BEGIN Given records
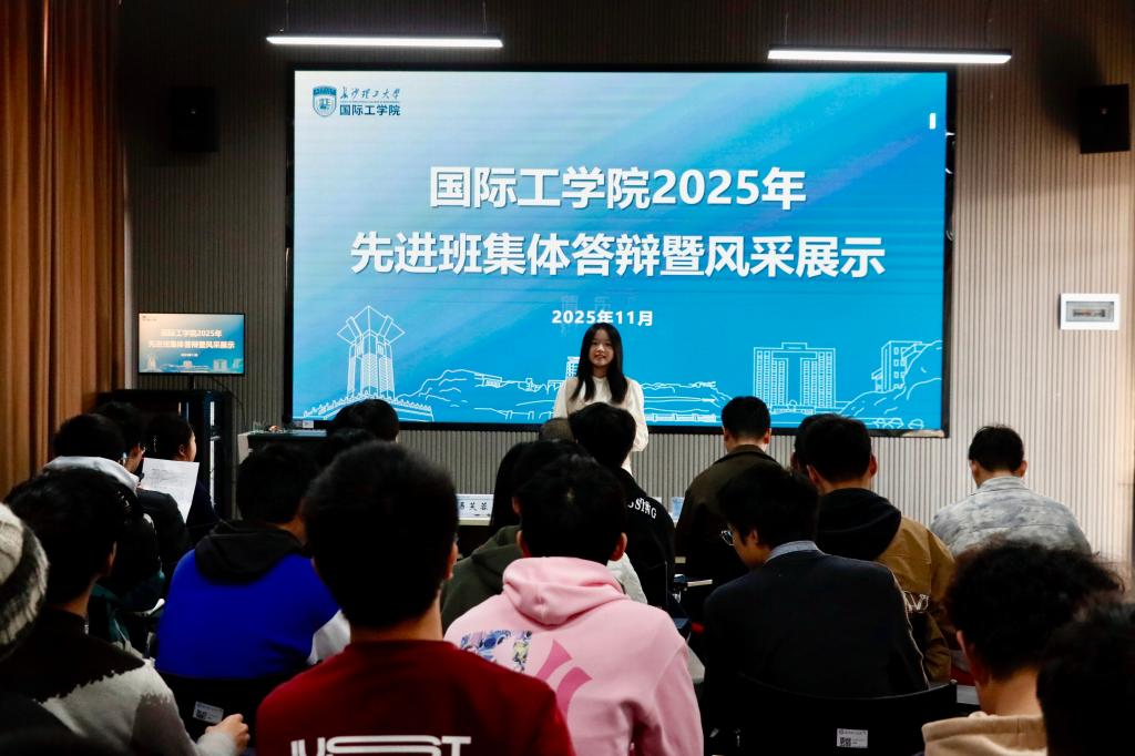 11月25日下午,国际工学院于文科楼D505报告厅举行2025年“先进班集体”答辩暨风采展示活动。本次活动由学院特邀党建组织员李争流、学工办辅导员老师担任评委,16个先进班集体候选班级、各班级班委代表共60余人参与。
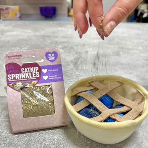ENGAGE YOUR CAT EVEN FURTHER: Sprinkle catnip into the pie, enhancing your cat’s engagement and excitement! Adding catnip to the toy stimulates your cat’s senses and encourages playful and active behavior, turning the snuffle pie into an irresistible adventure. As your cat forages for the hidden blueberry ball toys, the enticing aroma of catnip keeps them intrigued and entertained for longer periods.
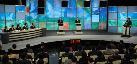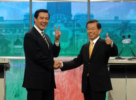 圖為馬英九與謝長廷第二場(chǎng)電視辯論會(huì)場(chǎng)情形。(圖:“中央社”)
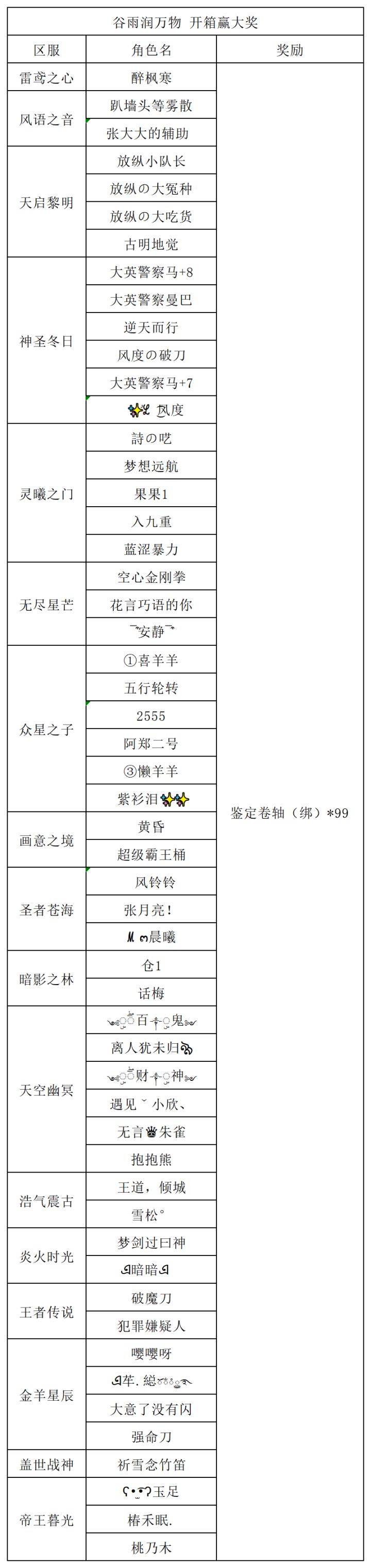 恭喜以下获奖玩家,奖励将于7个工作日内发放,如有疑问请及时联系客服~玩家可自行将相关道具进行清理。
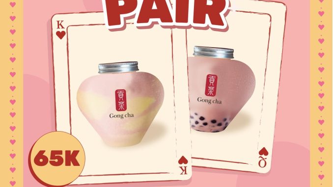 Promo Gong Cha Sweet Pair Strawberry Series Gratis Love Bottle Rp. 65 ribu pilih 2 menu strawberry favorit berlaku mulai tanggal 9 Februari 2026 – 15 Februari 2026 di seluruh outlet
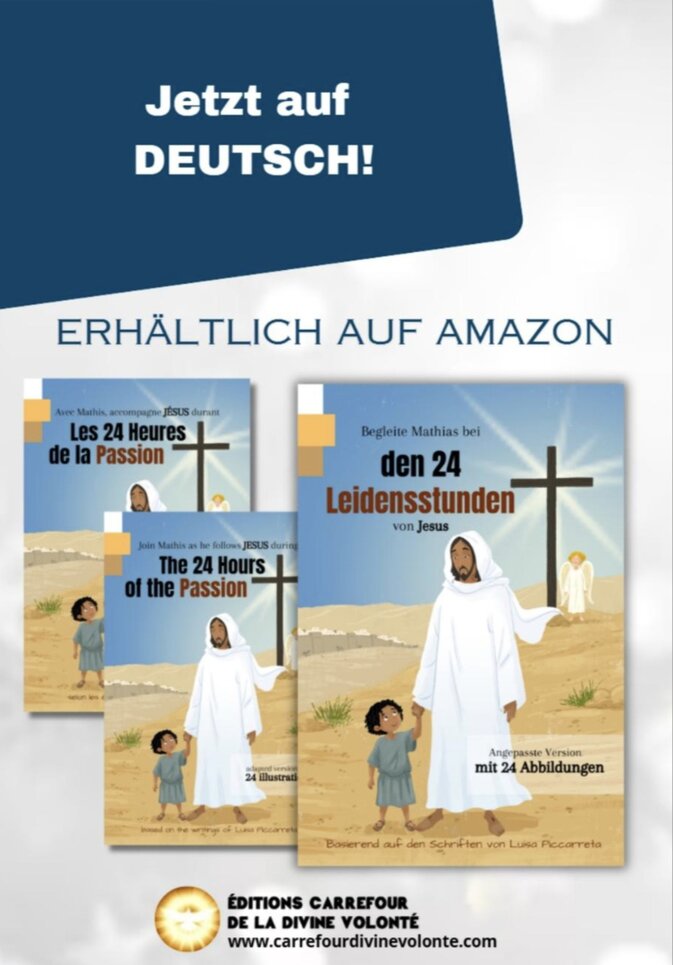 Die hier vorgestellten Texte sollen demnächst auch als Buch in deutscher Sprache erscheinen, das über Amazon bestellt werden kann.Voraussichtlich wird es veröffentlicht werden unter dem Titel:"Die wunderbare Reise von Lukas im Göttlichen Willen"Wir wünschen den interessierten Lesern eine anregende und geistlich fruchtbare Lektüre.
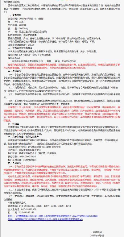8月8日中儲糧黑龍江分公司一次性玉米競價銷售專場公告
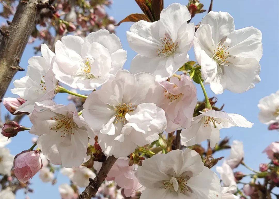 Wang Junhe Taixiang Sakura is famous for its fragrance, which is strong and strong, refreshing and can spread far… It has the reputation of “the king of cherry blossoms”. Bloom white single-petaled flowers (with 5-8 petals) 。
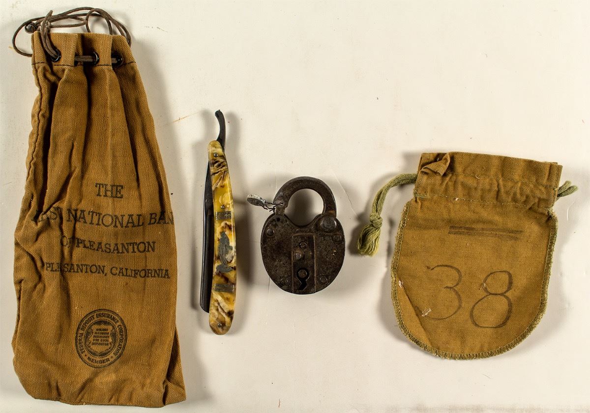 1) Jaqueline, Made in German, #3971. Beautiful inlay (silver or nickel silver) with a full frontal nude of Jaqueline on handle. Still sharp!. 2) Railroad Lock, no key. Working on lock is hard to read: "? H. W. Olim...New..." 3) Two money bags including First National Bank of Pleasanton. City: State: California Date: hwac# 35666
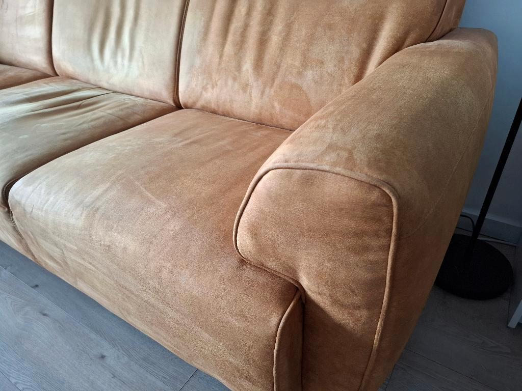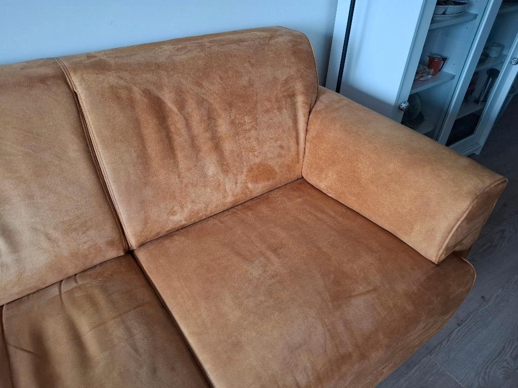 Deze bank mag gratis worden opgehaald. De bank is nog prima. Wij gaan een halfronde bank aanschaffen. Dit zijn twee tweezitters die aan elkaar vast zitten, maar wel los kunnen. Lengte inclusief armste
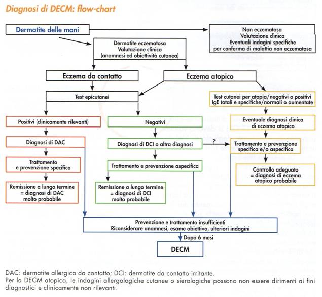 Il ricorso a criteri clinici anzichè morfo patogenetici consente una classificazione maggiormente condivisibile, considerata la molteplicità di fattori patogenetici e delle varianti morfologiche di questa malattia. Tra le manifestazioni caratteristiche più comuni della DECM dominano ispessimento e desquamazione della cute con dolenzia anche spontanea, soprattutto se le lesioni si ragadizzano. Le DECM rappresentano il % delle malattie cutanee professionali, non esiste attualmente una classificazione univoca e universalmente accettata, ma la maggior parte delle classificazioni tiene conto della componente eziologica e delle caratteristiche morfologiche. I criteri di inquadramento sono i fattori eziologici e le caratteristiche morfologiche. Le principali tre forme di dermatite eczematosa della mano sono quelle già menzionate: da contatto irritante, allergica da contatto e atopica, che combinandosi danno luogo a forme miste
END Given records
Exercise brief:
Above are entries with pictures among them. Write out exactly the lines from the one containing "Die hier vorgestellten" through the one containing "Wang Junhe Taixiang", ends included, and leave those pictures out.

Reply to the exercise:
 Die hier vorgestellten Texte sollen demnächst auch als Buch in deutscher Sprache erscheinen, das über Amazon bestellt werden kann.Voraussichtlich wird es veröffentlicht werden unter dem Titel:"Die wunderbare Reise von Lukas im Göttlichen Willen"Wir wünschen den interessierten Lesern eine anregende und geistlich fruchtbare Lektüre.
8月8日中儲糧黑龍江分公司一次性玉米競價銷售專場公告
 Wang Junhe Taixiang Sakura is famous for its fragrance, which is strong and strong, refreshing and can spread far… It has the reputation of “the king of cherry blossoms”. Bloom white single-petaled flowers (with 5-8 petals) 。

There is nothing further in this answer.